投資環境が整備されている株式とは違い、そのほかの資産は時価総額加重平均で全世界に投資するにはまだ商品整備が足りていない感があります。
株式以外を入れるとリターンは悪化する
そしてもう一つの問題は、株式以外のアセットを入れると、リターンが悪化するという問題です。株式100%と、株式と債券50%:50%を比較すると、リスクは債券を入れたほうが大幅に下がるのですが、相応にリターンも下がるのです。リスクあたりリターンは向上しても、絶対的なリターンの水準が下がるということは、投資先としてどうでしょうか。

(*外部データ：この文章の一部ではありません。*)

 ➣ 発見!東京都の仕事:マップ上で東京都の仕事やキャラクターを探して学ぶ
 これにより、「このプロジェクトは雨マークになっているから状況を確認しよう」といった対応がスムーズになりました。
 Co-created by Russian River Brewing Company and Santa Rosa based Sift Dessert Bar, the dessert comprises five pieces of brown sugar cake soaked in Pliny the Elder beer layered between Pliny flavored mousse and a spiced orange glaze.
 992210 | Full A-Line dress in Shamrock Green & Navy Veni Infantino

理論的にはそれは問題にはなりません。だってリスクあたりリターンが高いなら、リスクが同じになるようにレバレッジをかければ、同じリスクなのにリターンが高くなるのですから。絶対的にリスクあたりリターンが大きいほうが正義なのです。
ところが実務的にはそうはいきません。レバレッジにはコストもかかるし取引も煩雑です。先物などを使えばまだマシですが、日次リバランス型のレバレッジファンドは減価するという問題もあります。株式はまだデリバティブも整っていますが、債券やREITはどうでしょう。必ずしも簡単にレバレッジが掛けられるとは限りません。

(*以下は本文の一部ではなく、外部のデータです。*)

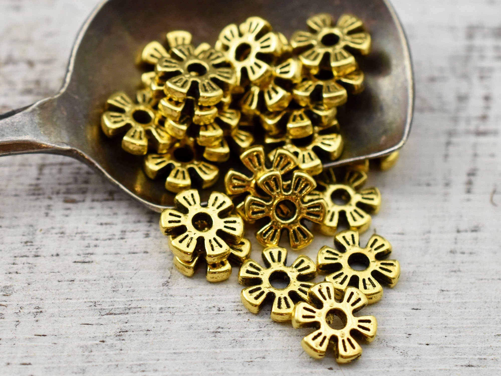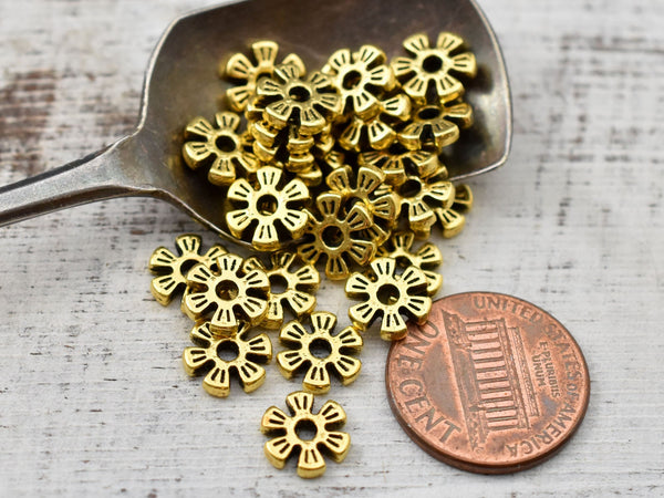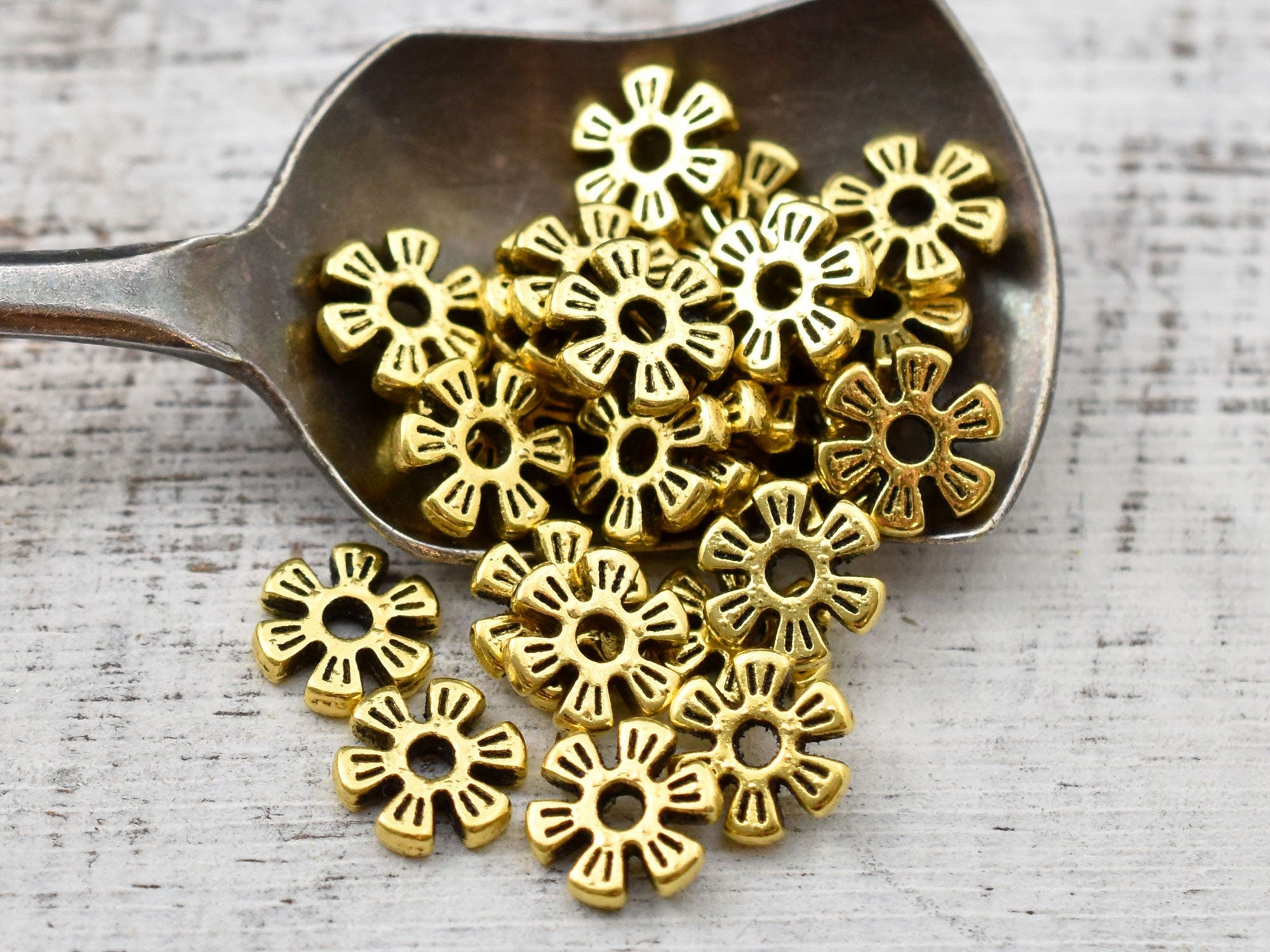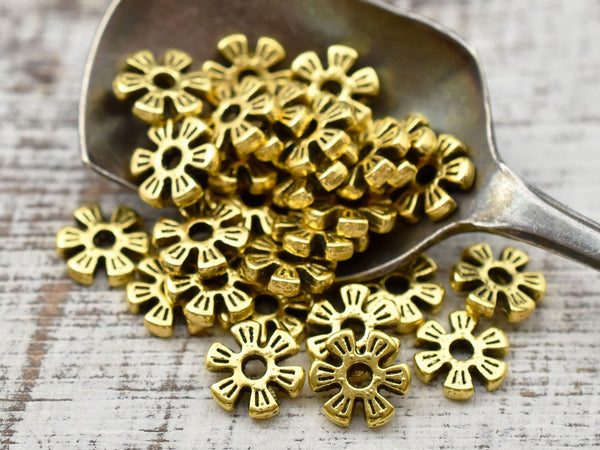 *100* 8mm Antique Gold Flower Heishi Spacer Beads

理論的には正しくても、実務的にはレバレッジをかけて長期投資をするのはいろいろとハードルがあるわけです。そしてレバレッジをかけないなら、分散を広げてリスクあたりリターンを上げるよりも、相応のリスクと相応のリターンを持っている株式に投資するのが正解ということになりがちです。
株式100%はリスク取りすぎなのか?
分散すれば投資効率は向上するが、実務的には株式以外を入れ込むとリターンが小さくなりすぎるというのが問題でした。でも、無理に大きなリターンを目指さなくてもいいんじゃないか? という疑問も湧きます。
株式の期待リターンは6〜7%程度です。これを大きいと見るか小さいと見るかは見方次第ですが、半分の3%程度でも十分だという見方もできます。これが株式と債券の50%ずつのポートフォリオです。
ただここで見落としてはいけないのは、人は人的資本という形で債券的な資産を持っているということです。働けば毎月安定した収入があるというのは、満期60歳で元本は返ってこない債券を保有しているようなものです。この人的資本は、50歳までの間は軽く1億円を超えているのです。
実際には人は、この人的資本と金融資産をミックスして持っていて、いわばポートフォリオを組んでいることになります。つまり、特に若いうちは株式100%の金融資産であっても、債券的な人的資本とセットで考えると、全然リスクは大きくないわけです。
要するにほとんどの場合株式100%でいい
というわけで、結論としては、ほとんどの場合は株式100%のポートフォリオで構わないということになります。特に若年層の場合、資産のほとんどが人的資本であり、株式100%でもリスクが足りないくらいです。
まだ人的資本のほうが大きいのに、株式以外のアセットクラスを入れ込むなら、(リスクを取りたくない保守的な人は別として)レバレッジを検討する必要があるでしょう。ただそれは非常に難易度が高いと思います。
年齢が上がっていくにつれて人的資本が減っていくので、金融資産のリスクがダイレクトに影響してきます。このときに初めて、株式以外のアセットを組み込んで、分散のメリットを得るとともに、リスクもリターンも減らしていくのが良さそうだと思っています。
*1:もちろん効率的市場仮説が成り立ち、すべての投資家が合理的であるという仮定のもとですけど。